1. Select starting values $$x_0$$ and set $$t=0$$
2. Generate in turn (deterministic scan Gibbs sampler)
• $$x^{(1)}_{t+1} \sim f( x^{(1)} | x^{(-1)}_t)$$
• $$x^{(2)}_{t+1} \sim f( x^{(2)} | x^{(1)}_{t+1}, x^{(3)}_t, \dots, x^{(p)}_t)$$
• $$x^{(3)}_{t+1} \sim f( x^{(3)} | x^{(1)}_{t+1}, x^{(2)}_{t+1}, x^{(4)}_t, \dots, x^{(p)}_t)$$
• $$x^{(p)}_{t+1} \sim f( x^{(p)} | x^{(-p)}_{t+1})$$
3. Increment $$t$$ and go to Step 2

## Gibbs Sampling

• Common to have one or more components not available in closed form
• Then one can just use a MH sampler for those components known as a Metropolis within Gibbs or Hybrid Gibbs sampling
• Common to block'' groups of random variables

## Example: Capture-recapture

• Data from a fur seal pup capture-recapture study for $$i=7$$ census attempts
• Goal is to estimate the number of pups in a fur seal colony using a capture-recapture study
Count Parameter 1 2 3 4 5 6 7
Captured $$c_i$$ 30 22 29 26 31 32 35
Newly Caught $$m_i$$ 30 8 17 7 9 8 5

## Example: Capture-recapture

• Let $$N$$ be the population size, $$I$$ be the number of census attempts where $$c_i$$ were captured ($$I=7$$ in our case), and $$r$$ be the total number captured ($$r = \sum_{i=1}^I m_i = 84$$)

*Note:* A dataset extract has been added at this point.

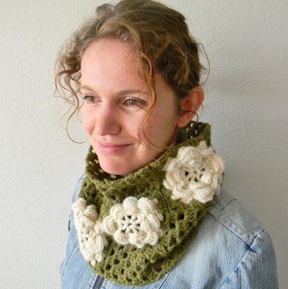 Here is a beautiful Irish Rose Cowl design that is very easy to make. It's based on granny square pattern, which most crocheters have mastered even as beginners. Three Irish Rose motifs are stitched together and the body of a cowl is built around them. As far as the length goes, you can always add or subtract a couple rows to make a desired size change.

• We consider a separate unknown capture probability for each census $$(\alpha_1, \dots, \alpha_I)$$ where the animals are equally catchable''
• Then $L(N,\alpha | c,r) \propto \frac{N!}{(N-r)!} \prod_{i=1}^{I} \alpha_i ^{c_i} (1-\alpha_i) ^ {N-c_i}$

## Example: Capture-recapture

• Assume $$N$$ and $$\alpha$$ are apriori independent with $f(N) \propto 1 \mbox{ and } f(\alpha_i | \theta_1, \theta_2) \stackrel{i.i.d.}{\sim} \mbox{Beta} (\theta_1, \theta_2)$
• We use $$\theta_1 = \theta_2 = 1/2$$, which is the Jeffrey's Prior
• The resulting posterior is proper when $$I>2$$ and recommended when $$I>5$$

## Example: Capture-recapture

• Then it is easy to show the posterior is $f(N,\alpha | c,r) \propto \frac{N!}{(N-r)!} \prod_{i=1}^{I} \alpha_i ^{c_i} (1-\alpha_i) ^ {N-c_i} \prod_{i=1}^{I} \alpha_i^{-1/2} (1-\alpha_i)^{-1/2} .$
• Further, one can show \begin{aligned} N - 84 | \alpha & \sim \mbox{NB} \left( 85, 1 - \prod_{i=1}^{I} (1-\alpha_i) \right) \mbox{ and }\\ \alpha_i | N & \sim \mbox{Beta} \left( c_i + 1/2 , N -c_i + 1/2 \right) \mbox{ for all }i \end{aligned}

## Example: Capture-recapture

Then we can consider the chain $\left(N , \alpha\right) \rightarrow \left(N' , \alpha\right) \rightarrow \left(N' , \alpha'\right)$ or $\left(N , \alpha\right) \rightarrow \left(N , \alpha'\right) \rightarrow \left(N' , \alpha'\right) ,$ where both involve a block'' update of $$\alpha$$

## Example: Capture-recapture

First, we can write the data into R

captured <- c(30, 22, 29, 26, 31, 32, 35)
new.captures <- c(30, 8, 17, 7, 9, 8, 5)
total.r <- sum(new.captures)

## Example: Capture-recapture

The following R code implements the Gibbs sampler

gibbs.chain <- function(n, N.start = 94, alpha.start = rep(.5,7)) {
output <- matrix(0, nrow=n, ncol=8)
for(i in 1:n){
neg.binom.prob <- 1 - prod(1-alpha.start)
N.new <- rnbinom(1, 85, neg.binom.prob) + total.r
beta1 <- captured + .5
beta2 <- N.new - captured + .5
alpha.new <- rbeta(7, beta1, beta2)
output[i,] <- c(N.new, alpha.new)
N.start <- N.new
alpha.start <- alpha.new
}
return(output)
}

## MCMC output analysis

How can we tell if the chain is mixing well?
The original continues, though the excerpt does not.